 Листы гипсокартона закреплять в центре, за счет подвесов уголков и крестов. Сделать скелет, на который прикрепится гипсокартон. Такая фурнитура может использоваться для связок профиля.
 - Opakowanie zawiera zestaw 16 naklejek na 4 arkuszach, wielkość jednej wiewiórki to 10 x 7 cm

☆ ☆ ☆

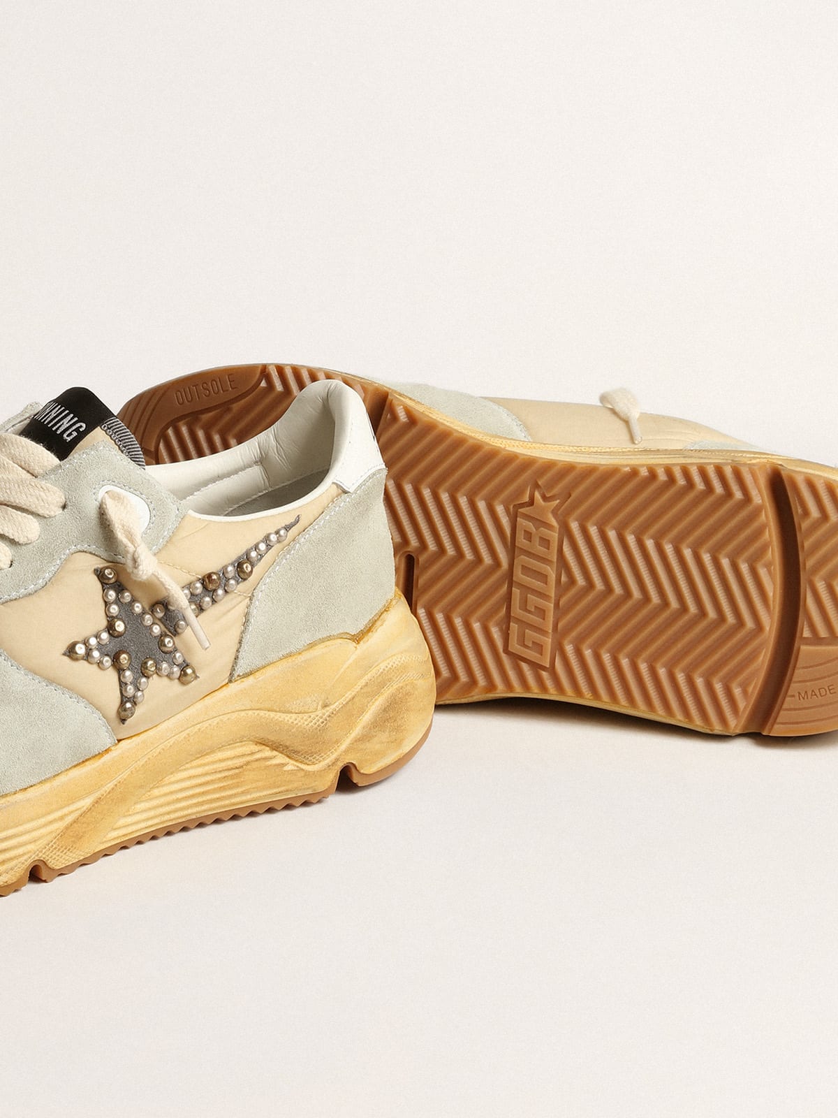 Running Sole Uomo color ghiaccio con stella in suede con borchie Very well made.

☆ ☆ ☆

All that belongs in the answer is the run of lines above from the line containing "Листы гипсокартона закреплять" through the line containing "- Opakowanie zawiera", exactly as written.

-- Output for this exercise --
 Листы гипсокартона закреплять в центре, за счет подвесов уголков и крестов. Сделать скелет, на который прикрепится гипсокартон. Такая фурнитура может использоваться для связок профиля.
 - Opakowanie zawiera zestaw 16 naklejek na 4 arkuszach, wielkość jednej wiewiórki to 10 x 7 cm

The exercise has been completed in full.